Repeat the data exactly, please; no pictures belong in the copy.

* [DATASET CONTENT]
★ ★ ★ ★ ★
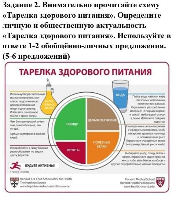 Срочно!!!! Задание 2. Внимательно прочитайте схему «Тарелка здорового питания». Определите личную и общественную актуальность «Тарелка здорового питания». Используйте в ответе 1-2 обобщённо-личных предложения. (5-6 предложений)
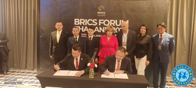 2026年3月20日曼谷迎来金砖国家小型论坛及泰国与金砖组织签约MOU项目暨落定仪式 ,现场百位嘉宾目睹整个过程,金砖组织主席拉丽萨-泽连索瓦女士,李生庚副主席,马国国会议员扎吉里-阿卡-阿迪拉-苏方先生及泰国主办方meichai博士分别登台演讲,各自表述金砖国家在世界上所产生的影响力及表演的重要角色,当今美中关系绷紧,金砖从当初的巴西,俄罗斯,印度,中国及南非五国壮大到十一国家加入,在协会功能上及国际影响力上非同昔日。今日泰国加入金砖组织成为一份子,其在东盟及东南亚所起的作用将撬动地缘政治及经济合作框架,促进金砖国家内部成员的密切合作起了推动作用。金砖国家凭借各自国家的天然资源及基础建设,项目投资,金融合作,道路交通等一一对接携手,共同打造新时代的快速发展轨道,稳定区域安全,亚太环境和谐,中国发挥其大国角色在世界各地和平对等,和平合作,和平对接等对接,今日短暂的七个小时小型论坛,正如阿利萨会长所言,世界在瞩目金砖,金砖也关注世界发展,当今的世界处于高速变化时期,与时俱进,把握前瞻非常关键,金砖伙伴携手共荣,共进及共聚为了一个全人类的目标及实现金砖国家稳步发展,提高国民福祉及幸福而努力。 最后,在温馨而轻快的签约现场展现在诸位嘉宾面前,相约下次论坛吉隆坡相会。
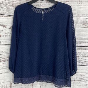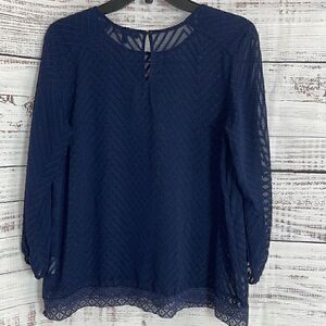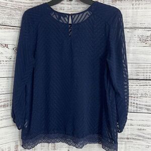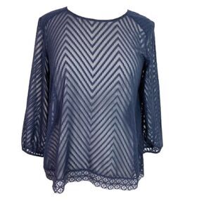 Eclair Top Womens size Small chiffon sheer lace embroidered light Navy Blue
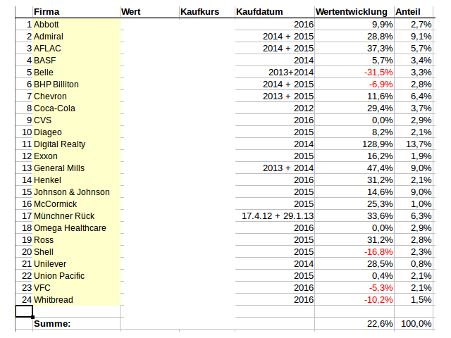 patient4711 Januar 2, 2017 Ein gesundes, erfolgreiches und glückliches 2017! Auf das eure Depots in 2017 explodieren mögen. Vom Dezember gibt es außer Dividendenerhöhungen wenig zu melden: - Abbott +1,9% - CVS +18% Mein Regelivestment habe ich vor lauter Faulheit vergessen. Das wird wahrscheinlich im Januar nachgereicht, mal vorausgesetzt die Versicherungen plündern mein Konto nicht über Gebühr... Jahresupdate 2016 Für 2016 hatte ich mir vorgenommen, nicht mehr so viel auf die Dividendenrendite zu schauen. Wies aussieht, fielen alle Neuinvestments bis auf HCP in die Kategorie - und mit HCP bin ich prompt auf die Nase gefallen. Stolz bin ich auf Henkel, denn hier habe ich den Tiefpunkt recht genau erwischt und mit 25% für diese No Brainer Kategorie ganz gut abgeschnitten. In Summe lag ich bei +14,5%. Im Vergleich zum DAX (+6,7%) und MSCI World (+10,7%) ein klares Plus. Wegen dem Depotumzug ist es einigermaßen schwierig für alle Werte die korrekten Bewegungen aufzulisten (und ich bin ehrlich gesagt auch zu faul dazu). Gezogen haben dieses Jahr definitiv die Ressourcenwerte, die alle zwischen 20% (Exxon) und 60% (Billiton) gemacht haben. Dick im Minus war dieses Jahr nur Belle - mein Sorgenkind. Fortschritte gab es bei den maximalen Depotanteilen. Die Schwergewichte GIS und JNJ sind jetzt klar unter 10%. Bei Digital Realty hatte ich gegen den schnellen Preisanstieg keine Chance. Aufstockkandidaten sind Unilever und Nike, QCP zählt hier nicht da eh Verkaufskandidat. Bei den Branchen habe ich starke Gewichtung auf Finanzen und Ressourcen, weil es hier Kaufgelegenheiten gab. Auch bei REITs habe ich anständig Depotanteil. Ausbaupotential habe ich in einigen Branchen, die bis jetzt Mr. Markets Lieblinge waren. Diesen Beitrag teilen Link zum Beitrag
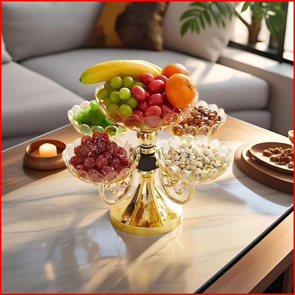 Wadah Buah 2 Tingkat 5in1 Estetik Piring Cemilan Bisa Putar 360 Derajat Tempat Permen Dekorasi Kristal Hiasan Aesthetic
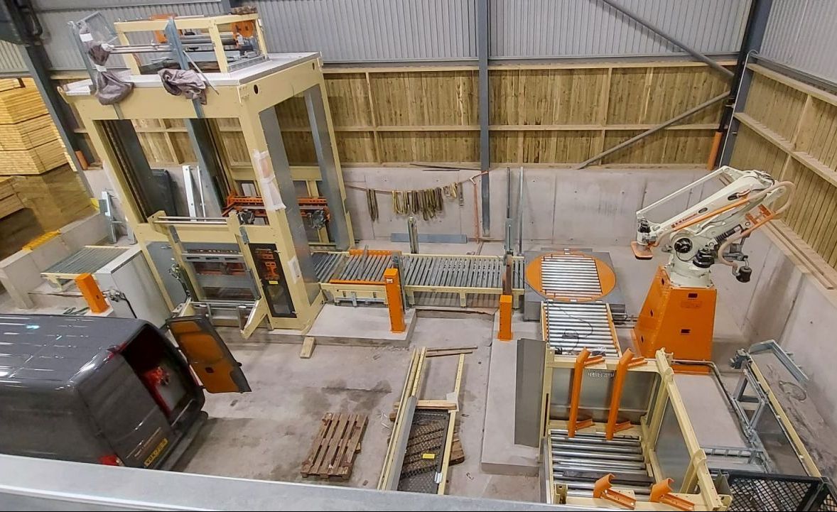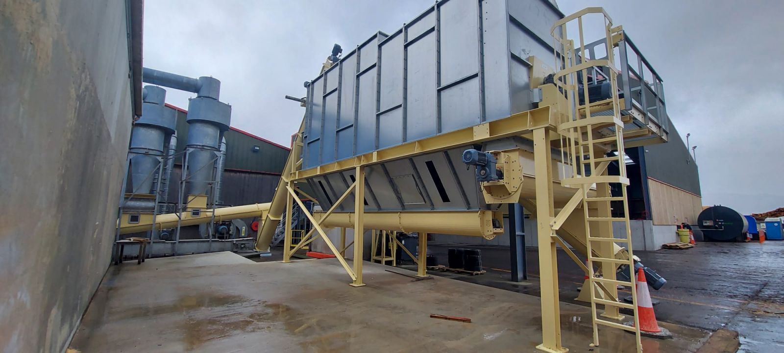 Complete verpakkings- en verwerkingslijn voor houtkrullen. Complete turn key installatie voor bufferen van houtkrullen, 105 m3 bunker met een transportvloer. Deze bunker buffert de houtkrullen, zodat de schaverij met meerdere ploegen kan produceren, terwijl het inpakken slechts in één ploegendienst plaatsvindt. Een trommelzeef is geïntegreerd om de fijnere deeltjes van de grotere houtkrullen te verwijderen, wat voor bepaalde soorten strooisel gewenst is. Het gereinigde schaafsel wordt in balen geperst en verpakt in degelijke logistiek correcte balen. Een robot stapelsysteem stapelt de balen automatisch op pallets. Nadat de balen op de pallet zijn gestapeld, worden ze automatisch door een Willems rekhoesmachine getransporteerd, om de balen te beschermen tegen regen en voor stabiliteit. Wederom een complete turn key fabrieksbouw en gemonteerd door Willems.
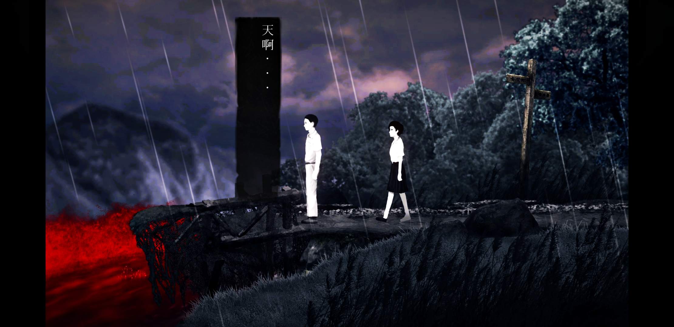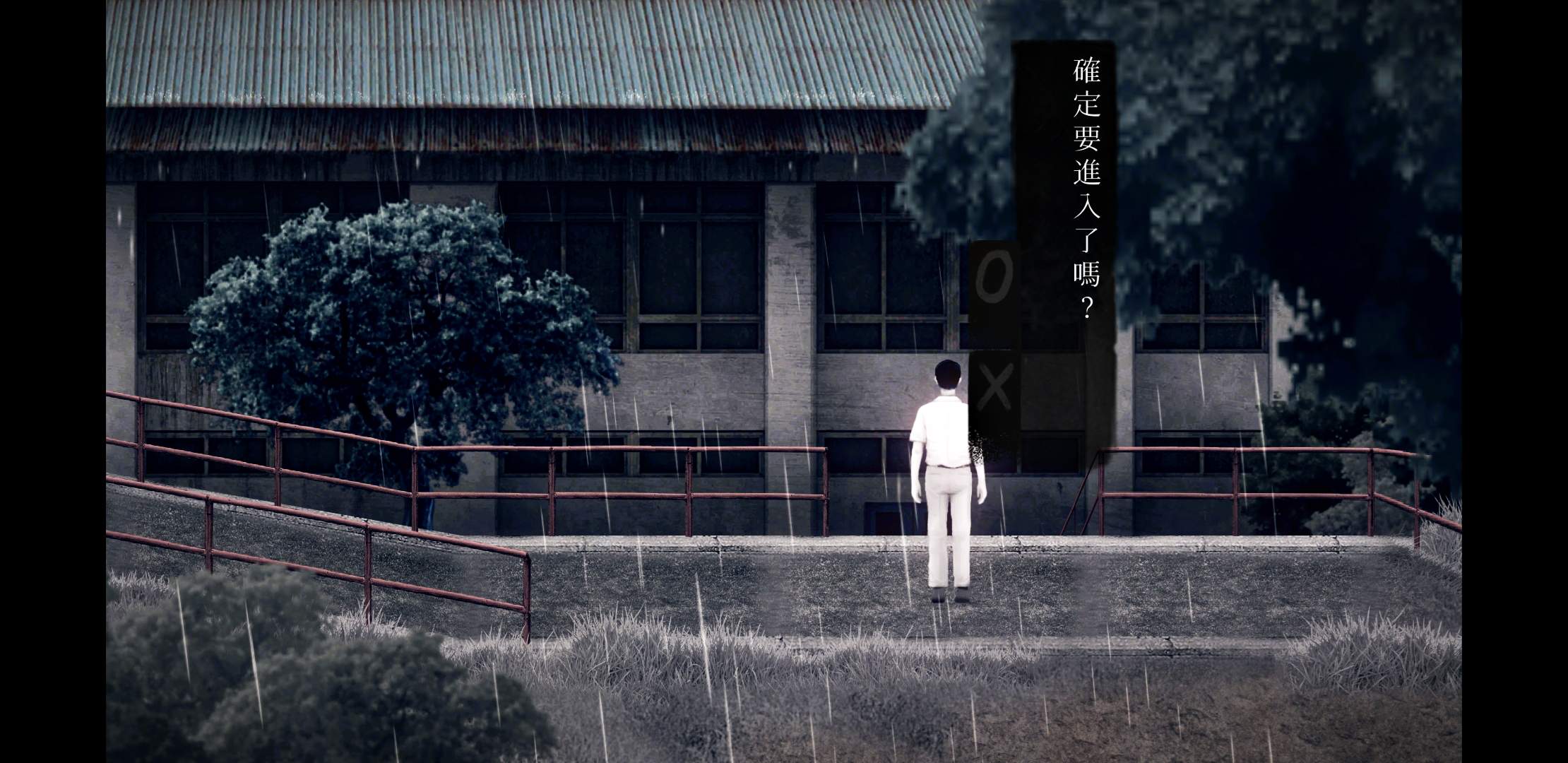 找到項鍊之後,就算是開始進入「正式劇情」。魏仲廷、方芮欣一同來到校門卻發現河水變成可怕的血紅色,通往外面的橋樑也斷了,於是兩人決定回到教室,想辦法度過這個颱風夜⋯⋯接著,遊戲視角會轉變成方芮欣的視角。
★ ★ ★ ★ ★
* [EXPECTED ANSWER]
 Срочно!!!! Задание 2. Внимательно прочитайте схему «Тарелка здорового питания». Определите личную и общественную актуальность «Тарелка здорового питания». Используйте в ответе 1-2 обобщённо-личных предложения. (5-6 предложений)
 2026年3月20日曼谷迎来金砖国家小型论坛及泰国与金砖组织签约MOU项目暨落定仪式 ,现场百位嘉宾目睹整个过程,金砖组织主席拉丽萨-泽连索瓦女士,李生庚副主席,马国国会议员扎吉里-阿卡-阿迪拉-苏方先生及泰国主办方meichai博士分别登台演讲,各自表述金砖国家在世界上所产生的影响力及表演的重要角色,当今美中关系绷紧,金砖从当初的巴西,俄罗斯,印度,中国及南非五国壮大到十一国家加入,在协会功能上及国际影响力上非同昔日。今日泰国加入金砖组织成为一份子,其在东盟及东南亚所起的作用将撬动地缘政治及经济合作框架,促进金砖国家内部成员的密切合作起了推动作用。金砖国家凭借各自国家的天然资源及基础建设,项目投资,金融合作,道路交通等一一对接携手,共同打造新时代的快速发展轨道,稳定区域安全,亚太环境和谐,中国发挥其大国角色在世界各地和平对等,和平合作,和平对接等对接,今日短暂的七个小时小型论坛,正如阿利萨会长所言,世界在瞩目金砖,金砖也关注世界发展,当今的世界处于高速变化时期,与时俱进,把握前瞻非常关键,金砖伙伴携手共荣,共进及共聚为了一个全人类的目标及实现金砖国家稳步发展,提高国民福祉及幸福而努力。 最后,在温馨而轻快的签约现场展现在诸位嘉宾面前,相约下次论坛吉隆坡相会。
 Eclair Top Womens size Small chiffon sheer lace embroidered light Navy Blue
 patient4711 Januar 2, 2017 Ein gesundes, erfolgreiches und glückliches 2017! Auf das eure Depots in 2017 explodieren mögen. Vom Dezember gibt es außer Dividendenerhöhungen wenig zu melden: - Abbott +1,9% - CVS +18% Mein Regelivestment habe ich vor lauter Faulheit vergessen. Das wird wahrscheinlich im Januar nachgereicht, mal vorausgesetzt die Versicherungen plündern mein Konto nicht über Gebühr... Jahresupdate 2016 Für 2016 hatte ich mir vorgenommen, nicht mehr so viel auf die Dividendenrendite zu schauen. Wies aussieht, fielen alle Neuinvestments bis auf HCP in die Kategorie - und mit HCP bin ich prompt auf die Nase gefallen. Stolz bin ich auf Henkel, denn hier habe ich den Tiefpunkt recht genau erwischt und mit 25% für diese No Brainer Kategorie ganz gut abgeschnitten. In Summe lag ich bei +14,5%. Im Vergleich zum DAX (+6,7%) und MSCI World (+10,7%) ein klares Plus. Wegen dem Depotumzug ist es einigermaßen schwierig für alle Werte die korrekten Bewegungen aufzulisten (und ich bin ehrlich gesagt auch zu faul dazu). Gezogen haben dieses Jahr definitiv die Ressourcenwerte, die alle zwischen 20% (Exxon) und 60% (Billiton) gemacht haben. Dick im Minus war dieses Jahr nur Belle - mein Sorgenkind. Fortschritte gab es bei den maximalen Depotanteilen. Die Schwergewichte GIS und JNJ sind jetzt klar unter 10%. Bei Digital Realty hatte ich gegen den schnellen Preisanstieg keine Chance. Aufstockkandidaten sind Unilever und Nike, QCP zählt hier nicht da eh Verkaufskandidat. Bei den Branchen habe ich starke Gewichtung auf Finanzen und Ressourcen, weil es hier Kaufgelegenheiten gab. Auch bei REITs habe ich anständig Depotanteil. Ausbaupotential habe ich in einigen Branchen, die bis jetzt Mr. Markets Lieblinge waren. Diesen Beitrag teilen Link zum Beitrag
 Wadah Buah 2 Tingkat 5in1 Estetik Piring Cemilan Bisa Putar 360 Derajat Tempat Permen Dekorasi Kristal Hiasan Aesthetic
 Complete verpakkings- en verwerkingslijn voor houtkrullen. Complete turn key installatie voor bufferen van houtkrullen, 105 m3 bunker met een transportvloer. Deze bunker buffert de houtkrullen, zodat de schaverij met meerdere ploegen kan produceren, terwijl het inpakken slechts in één ploegendienst plaatsvindt. Een trommelzeef is geïntegreerd om de fijnere deeltjes van de grotere houtkrullen te verwijderen, wat voor bepaalde soorten strooisel gewenst is. Het gereinigde schaafsel wordt in balen geperst en verpakt in degelijke logistiek correcte balen. Een robot stapelsysteem stapelt de balen automatisch op pallets. Nadat de balen op de pallet zijn gestapeld, worden ze automatisch door een Willems rekhoesmachine getransporteerd, om de balen te beschermen tegen regen en voor stabiliteit. Wederom een complete turn key fabrieksbouw en gemonteerd door Willems.
 找到項鍊之後,就算是開始進入「正式劇情」。魏仲廷、方芮欣一同來到校門卻發現河水變成可怕的血紅色,通往外面的橋樑也斷了,於是兩人決定回到教室,想辦法度過這個颱風夜⋯⋯接著,遊戲視角會轉變成方芮欣的視角。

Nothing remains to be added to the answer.